Anspruchsberechtigt sind Personen in ihrer ersten berufsqualifizierenden Ausbildung mit Ausbildungsvertrag, wenn die eigenen Einkünfte, insbesondere die Ausbildungsvergütung, den angemessenen Bedarf nicht vollständig decken. Bei Verheirateten ist vorrangig der Ehepartner verpflichtet; erst danach kommen Eltern in Betracht.

Wie wird die Ausbildungsvergütung beim Unterhalt berücksichtigt?

Die Ausbildungsvergütung wird nach Abzug eines angemessenen Betrags für ausbildungsbedingte Aufwendungen bedarfsmindernd angerechnet. Sonderzahlungen werden entsprechend ihrer Zweckbestimmung einbezogen. Bleibt nach Anrechnung eine Lücke, kann diese durch Unterhalt geschlossen werden.

Müssen beide Eltern Unterhalt leisten, wenn das Kind volljährig ist?

Ja, bei Volljährigen haften beide Eltern nach ihrer Leistungsfähigkeit anteilig, sofern der Bedarf nach Anrechnung eigener Einkünfte noch nicht gedeckt ist. Die genaue Quote richtet sich nach den bereinigten Einkommen der Eltern und deren Selbstbehalten.
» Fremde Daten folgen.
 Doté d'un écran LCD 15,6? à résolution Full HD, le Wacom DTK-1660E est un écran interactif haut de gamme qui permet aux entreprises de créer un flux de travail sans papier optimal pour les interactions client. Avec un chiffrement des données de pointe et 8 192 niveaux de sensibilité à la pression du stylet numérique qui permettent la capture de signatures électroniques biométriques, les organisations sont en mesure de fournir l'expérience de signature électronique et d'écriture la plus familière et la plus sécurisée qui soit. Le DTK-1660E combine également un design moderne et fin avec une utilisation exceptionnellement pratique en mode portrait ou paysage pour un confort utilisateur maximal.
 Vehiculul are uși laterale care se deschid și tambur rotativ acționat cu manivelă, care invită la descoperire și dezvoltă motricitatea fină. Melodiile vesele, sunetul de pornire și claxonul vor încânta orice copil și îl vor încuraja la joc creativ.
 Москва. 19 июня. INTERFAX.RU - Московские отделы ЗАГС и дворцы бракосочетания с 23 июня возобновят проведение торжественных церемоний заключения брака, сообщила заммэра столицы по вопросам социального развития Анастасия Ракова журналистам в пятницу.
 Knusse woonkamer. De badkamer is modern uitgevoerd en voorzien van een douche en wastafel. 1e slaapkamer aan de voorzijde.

Gilt der Anspruch auch bei einem Wechsel der Ausbildung?

Ein sachlich begründeter, einmaliger Wechsel wird in der Regel akzeptiert. Mehrfache Richtungswechsel ohne nachvollziehbaren Grund können den Anspruch mindern oder entfallen lassen, weil es dann an der Zielstrebigkeit fehlt.
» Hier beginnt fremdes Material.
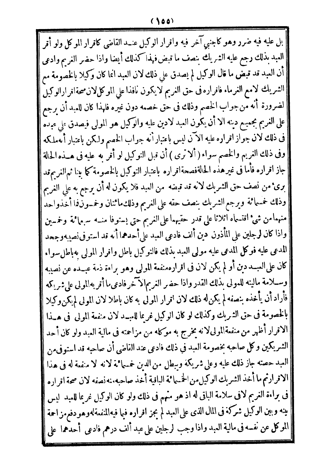 بَلْ عَلَيْهِ فِيهِ ضَرَرٌ وَهُوَ كَأَجْنَبِيٍّ آخَرَ فِيهِ وَإِقْرَارُ الْوَكِيلِ عِنْدَ الْقَاضِي كَإِقْرَارِ الْمُوَكِّلِ، وَلَوْ أَقَرَّ الْعَبْدُ بِذَلِكَ رَجَعَ عَلَيْهِ الشَّرِيكُ بِنِصْفِ مَا قَبَضَ فَهَذَا كَذَلِكَ أَيْضًا، وَإِذَا حَضَرَ الْغَرِيمُ وَادَّعَى أَنَّ الْعَبْدَ قَدْ قَبَضَ مَا قَالَ الْوَكِيلُ لَمْ يُصَدَّقْ عَلَى ذَلِكَ؛ لِأَنَّ الْعَبْدَ إنَّمَا كَانَ وَكِيلًا بِالْخُصُومَةِ مَعَ الشَّرِيكِ لَا مَعَ الْغُرَمَاءِ فَإِقْرَارُهُ فِي حَقِّ الْغَرِيمِ لَا يَكُونُ نَافِذًا عَلَى الْمُوَكِّلِ؛ لِأَنَّ صِحَّةَ إقْرَارِ الْوَكِيلِ لِضَرُورَةِ أَنَّهُ مِنْ جَوَابِ الْخَصْمِ، وَذَلِكَ فِي حَقِّ خَصْمِهِ دُونَ غَيْرِهِ؛ فَلِهَذَا كَانَ لِلْعَبْدِ أَنْ يَرْجِعَ عَلَى الْغَرِيمِ بِجَمِيعِ دَيْنِهِ إلَّا أَنْ يَكُونَ الْعَبْدُ لَا دَيْنَ عَلَيْهِ وَالْوَكِيلُ هُوَ الْمَوْلَى فَيُصَدِّقُ عَلَى عَبْدِهِ فِي ذَلِكَ؛ لِأَنَّ جَوَازَ إقْرَارِهِ عَلَيْهِ الْآنَ لَيْسَ بِاعْتِبَارِ أَنَّهُ جَوَابُ الْخَصْمِ وَلَكِنْ بِاعْتِبَارِ أَنَّهُ مِلْكُهُ وَفِي ذَلِكَ الْغَرِيمُ وَالْخَصْمُ سَوَاءٌ.
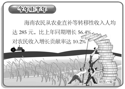 今年上半年,海南省种植业完成增加值151.72亿元,按可比价计算,比上年同期增长5.6%,增速比一季度加快了0.8个百分点,对农业经济增长贡献率达45.1%,成为稳定农业经济增长的重要基础。去年以来,海南省实施一系列大宗农产品单产提升计划,加大了农业生产投入和农民直补力度,农业科技成果转化步伐明显加快,大宗农产品单产产量得到有效提升,促进了种植业生产稳步发展。上半年,农民从农业直补等转移性收入人均达285元,比上年同期增长56.4%,对农民收入增长贡献率达10.2%;早稻、番薯、花生等单产产量分别比上年同期增长了5.6%、4.0%和7.6%,促进了粮食、油料总产量分别增加4.2%和4.4%。上半年,全省蔬菜收获面积比上年同期增长8.8%,瓜菜产量增长10.0%;水果总产量比上年同期增长13.9%。热带花卉、桑蚕等特色农业继续亮点频现支持农业增长。上半年,全省花卉收获面积比上年同期增长9.9%。

Welche Rolle spielt das Kindergeld?

Bei volljährigen Auszubildenden wird Kindergeld regelmäßig als Einkommen des Kindes behandelt und mindert den Unterhaltsbedarf. Bei Minderjährigen dient es der Deckung des Kindesunterhalts im Haushalt der Eltern oder des betreuenden Elternteils.

Wie lange besteht der Anspruch auf Ausbildungsunterhalt?
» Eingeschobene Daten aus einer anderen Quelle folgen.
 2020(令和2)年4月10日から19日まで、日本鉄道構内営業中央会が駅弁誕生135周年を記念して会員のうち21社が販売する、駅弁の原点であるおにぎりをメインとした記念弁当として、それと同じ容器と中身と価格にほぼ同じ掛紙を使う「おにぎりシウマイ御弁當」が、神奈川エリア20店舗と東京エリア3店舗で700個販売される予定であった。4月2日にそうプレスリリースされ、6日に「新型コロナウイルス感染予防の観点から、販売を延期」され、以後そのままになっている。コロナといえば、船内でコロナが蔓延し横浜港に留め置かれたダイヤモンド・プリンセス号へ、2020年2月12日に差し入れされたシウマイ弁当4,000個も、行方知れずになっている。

Der Anspruch besteht grundsätzlich bis zum Abschluss der ersten berufsqualifizierenden Ausbildung. Verlängerungen können sich aus Krankheit, Schwangerschaft, Elternzeit oder Behinderung ergeben, wenn die Ausbildung weiterhin ernsthaft betrieben wird.

Was passiert bei Abbruch oder längerer Unterbrechung der Ausbildung?

Bei endgültigem Abbruch endet der Anspruch grundsätzlich. Längere Unterbrechungen ohne anerkennbaren Grund können den Anspruch ruhen lassen. Wird die Ausbildung später wieder aufgenommen und zielstrebig fortgeführt, kann der Anspruch neu entstehen.